This work was supported by the Youth Scholars Fund of Beijing Technology and Business University (Grant No. PXM2018_014213_000033) and National Natural Science Foundation of China (Grant No. 61973329). The authors would like to thank Professor Lei GUO from Academy of Mathematics and Systems Science, Chinese Academy of Sciences, for valuable discussion on PID control of nonlinear stochastic systems.

### Supplement

Appendix

Definition A1 (17) . Let $(\Omega,~\mathcal{F},P)$ be a probability space. A filtration is a family of $\sigma$-algebra $\{\mathcal{F}_t\}_{t\geq~0}$ satisfying $\mathcal{F}_{t}\subset~\mathcal{F}_{s}\subset~\mathcal{F}$ for all $0\leq~t<s<\infty$. The filtration is considered to be right continuous if $\mathcal{F}_{t}=\bigcap_{s>t}\mathcal{F}_{s}$ for all $t\geq~0$. When the probability space is complete, the filtration is considered to satisfy the usual conditions if it is right continuous and $\mathcal{F}_{0}$ contains all $P$-null sets.

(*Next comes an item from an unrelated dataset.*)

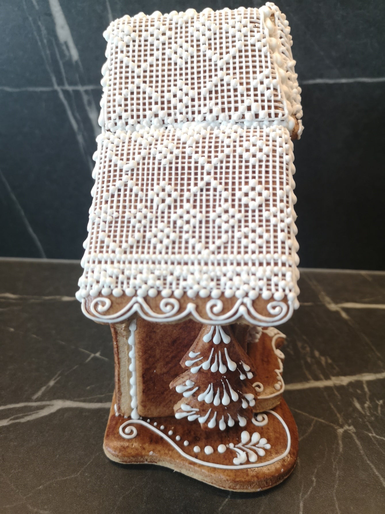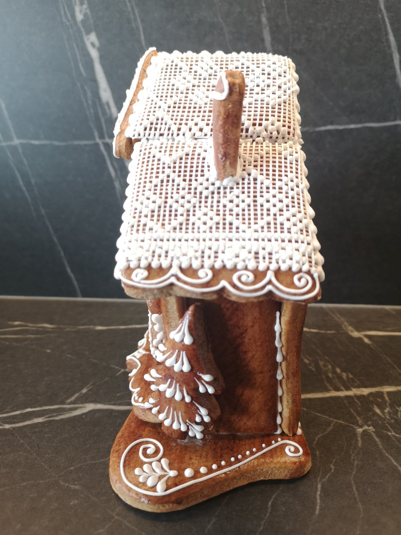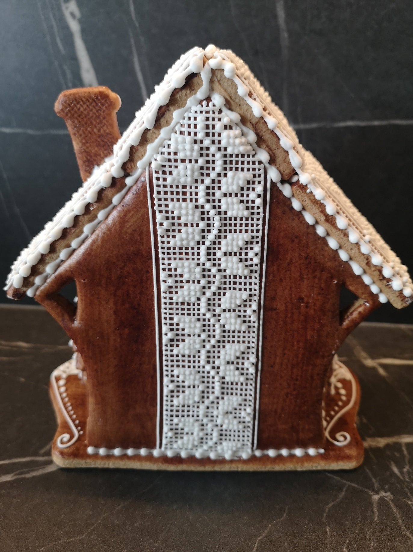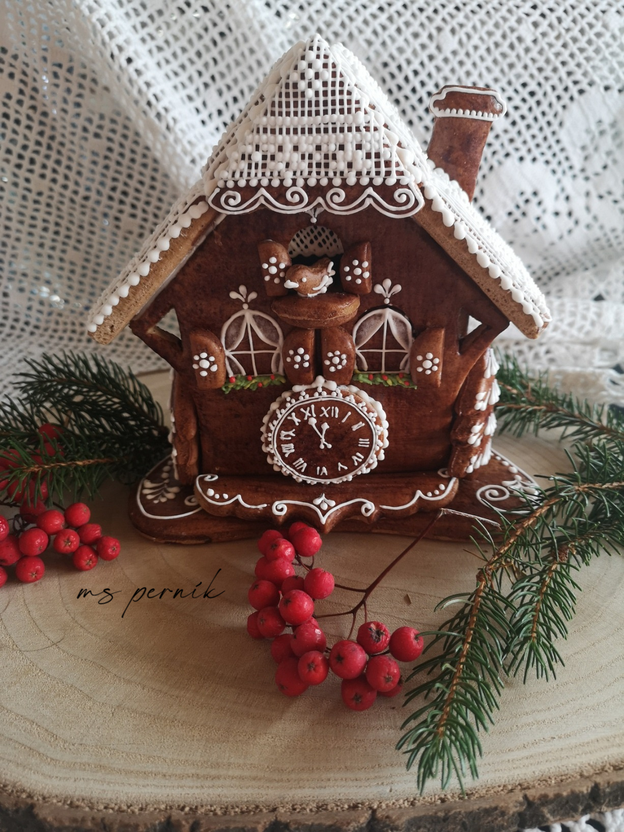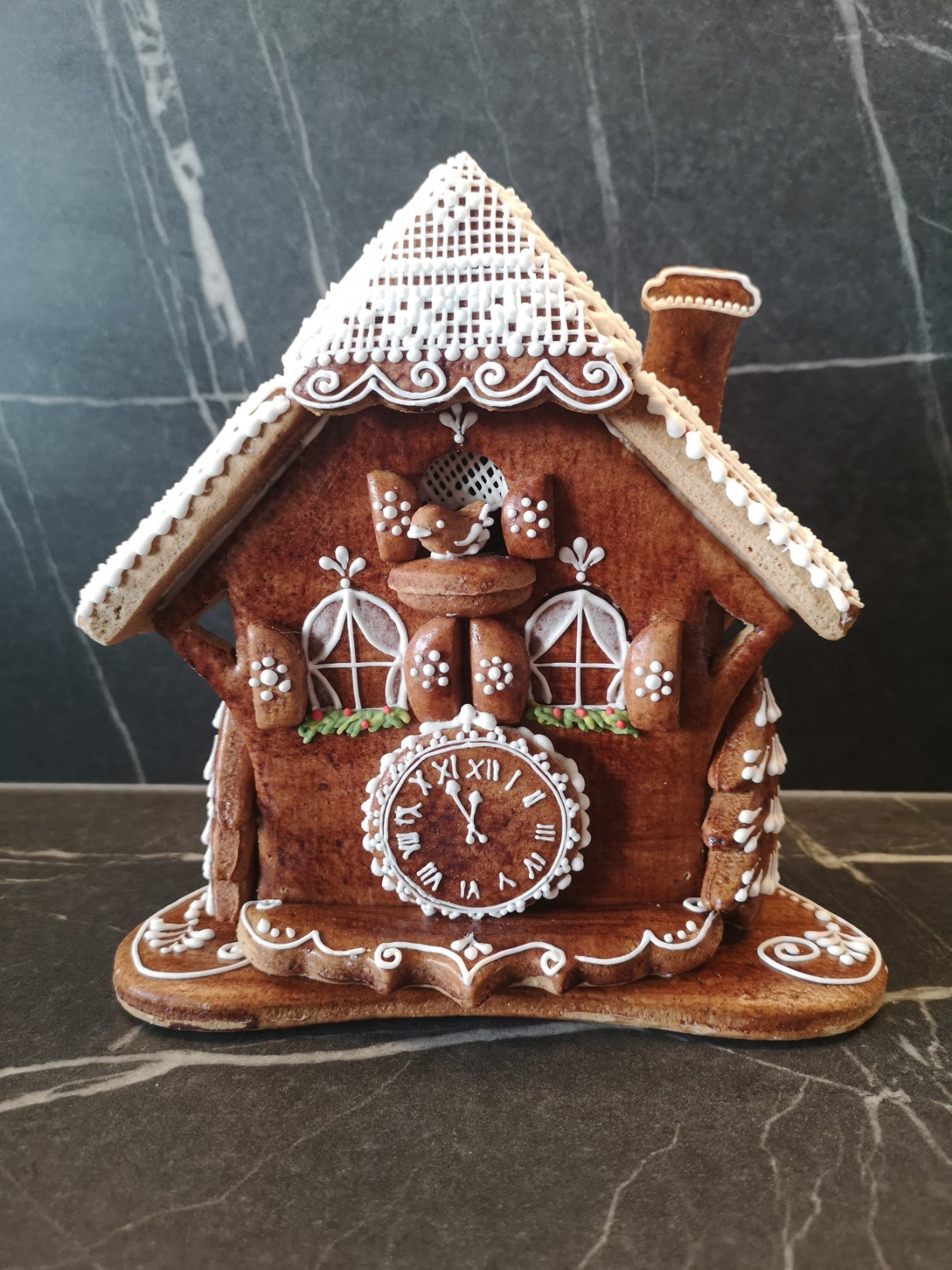 Ručně vyráběný perníkový domeček inspirovaný starými kukačkovými hodinami. Každý kousek je originál, který voní po medu, koření, polevě a Vánocích. Domeček je pečlivě zdoben jemnou bílou polevou do krajkových vzorů, s hodinami a drobnými detaily, které mu dávají kouzlo starých časů.

We consider the following stochastic system: \begin{equation*} \text{d}x(t)=f(x(t),t)\text{d}t+\sigma(x(t),t)\text{d}B(t), \eqno \text{(A1)}\end{equation*} where $x~\in~\mathbb{R}^{n}$ is the state of the system, $f~\in~\mathbb{R}^{n}$, $\sigma~\in~\mathbb{R}^{n}$, and $B(t)$ is (standard one-dimensional) Brownian motion. The $f$ term is referred to as a drift or vector field, and the noise term $\sigma~\text{d}B({t})$ is an uncertainty model. The uncertainty of this model could be caused by external random influences or by fluctuating coefficients and parameters in a mathematical model. The $\sigma$ function is referred to as a diffusion coefficient.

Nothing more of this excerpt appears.